2. El sistema de aerosolización de la reivindicación 1, en donde:
la interfaz del paciente (604) está situada entre aproximadamente 1 cm y 8 cm del generador de aerosol (112, 612).
3. El sistema de aerosolización de la reivindicación 1 o la reivindicación 2, en donde:
la porción del flujo de aire es flujo respiratorio y es menor que una cantidad de aire que continúa hasta una rama espiratoria (202, 652) del sistema de respiración.
4. El sistema de aerosolización de acuerdo con cualquiera de las reivindicaciones anteriores, en donde:
el al menos un deflector (622, 626) comprende un primer deflector (622) que define una primera vía respiratoria y un segundo deflector (626) que define una segunda vía respiratoria (624).

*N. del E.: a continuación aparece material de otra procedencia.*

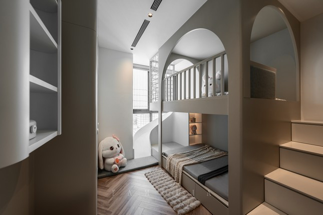 Giường ngủ hai tầng được tích hợp cả cầu trượt vui chơi cho các bé được giải trí sau những giờ học căng thẳng.

5. El sistema de aerosolización de la reivindicación 4, en donde:
la primera vía respiratoria se proporciona en un extremo lateral del primer deflector (622);
la segunda vía respiratoria se proporciona más allá de un borde distal del segundo deflector (626); y
el extremo lateral y el borde distal se extienden en diferentes direcciones de modo que el flujo respiratorio se mueve en múltiples direcciones para pasar el primer deflector (622) y el segundo deflector (626).
6. El sistema de aerosolización de acuerdo con cualquiera de las reivindicaciones anteriores, en donde:
el dispositivo de aerosolización comprende además un conducto que está configurado para entregar el volumen de medicamento líquido desde el depósito al generador de aerosol (112, 612).

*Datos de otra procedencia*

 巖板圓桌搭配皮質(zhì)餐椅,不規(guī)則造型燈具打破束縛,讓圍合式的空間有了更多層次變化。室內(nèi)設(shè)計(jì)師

7. El sistema de aerosolización de la reivindicación 6, en donde:
una punta más distal del conducto tiene un diámetro; y
la punta más distal del conducto está colocada a una distancia de la malla que es menor o igual al diámetro.

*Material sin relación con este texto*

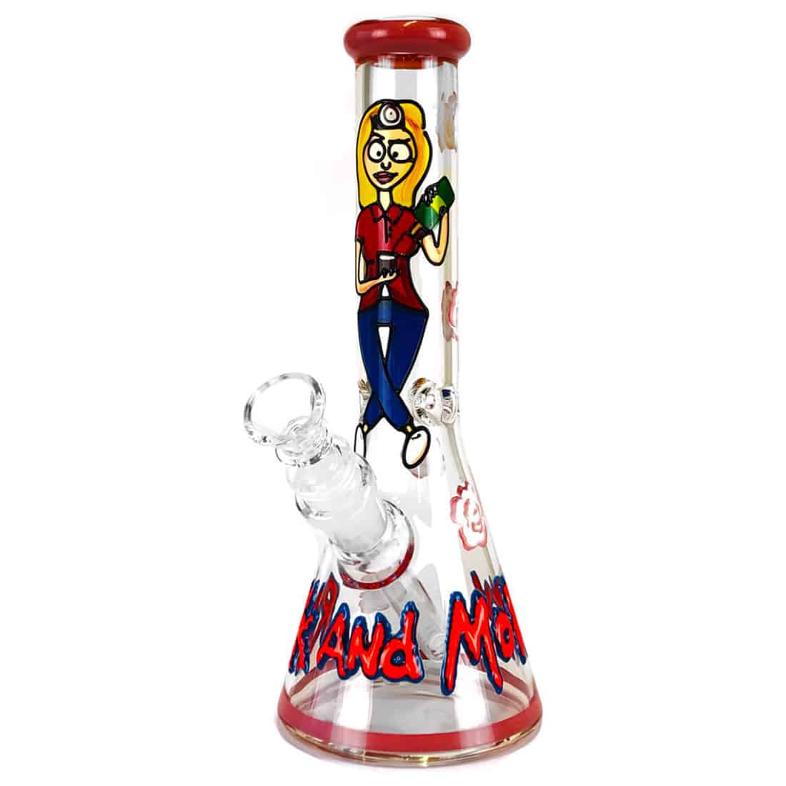 Denne håndlavede glasbong er produceret for at imødekomme de hardcore tegneserie-fans, og kommer med en højde på kun 25 cm. Cartoon Girl-bong’en består af en cylinderformet borosilikatglaskolbe, med en slamrør og tilhørende SG 14,5 mm bonghoved. Den har også en isfanger, så du kan køle din røg ned ved at placere op til 3-4 isterninger langs halsen. Når munden slår til, giver det rundformede mundstykke en behagelig oplevelse, og det sjove design vil helt sikkert fremkalde et godt grin, når du inviterer venner eller veninder over på et hoved! Den ideelle første bong til tegneserie rygere, eller bare serierygere, der ønsker en sjov og anderledes bong til deres samling. Husk også hvis du ikke allerede har dem, at få et par 12,5 mm riste med i købet, da disse vil være nødvendige for at undgå at spilde din dyrebare bongmix. God ryger og tegneserie stener!

8. El sistema de aerosolización de acuerdo con cualquiera de las reivindicaciones anteriores, en donde:
la sincronización de la aerosolización del volumen de medicamento comprende aerosolizar una porción del volumen de medicamento dentro de al menos una porción de un primer 50 %-80 % de cada una de un número sucesivo de inhalaciones de modo que se proporcione aire de arrastre dentro de al menos una porción del 20 % final de cada una del número sucesivo de inhalaciones.
9. El sistema de aerosolización de acuerdo con cualquiera de las reivindicaciones anteriores, en donde:
el al menos sensor de respiración (1708) comprende una cápsula de sensor de respiración (1600) interconectada con el abdomen del paciente.
10. El sistema de aerosolización de acuerdo con cualquiera de las reivindicaciones anteriores, en donde:
el controlador (812) es extraíble del dispositivo de aerosolización (100).
11. El sistema de aerosolización de acuerdo con cualquiera de las reivindicaciones anteriores, en donde:
el dispositivo de aerosolización (100) es configurado para aerosolizar y administrar partículas en aerosol del medicamento mientras la interfaz del paciente está orientada en cada una de una posición hacia abajo, una posición hacía el lado y una posición hacia arriba.
12. El sistema de aerosolización de acuerdo con cualquiera de las reivindicaciones anteriores, que comprende además:
una línea de alimentación (806) que está configurada para suministrar el volumen del medicamento desde una fuente al depósito.
13. El sistema de aerosolización de acuerdo con cualquiera de las reivindicaciones anteriores, en donde:
la interfaz del paciente comprende gafas nasales (5560) o una máscara nasal.
14. El sistema de aerosolización de acuerdo con cualquiera de las reivindicaciones anteriores, en donde:
el medicamento comprende un tensioactivo.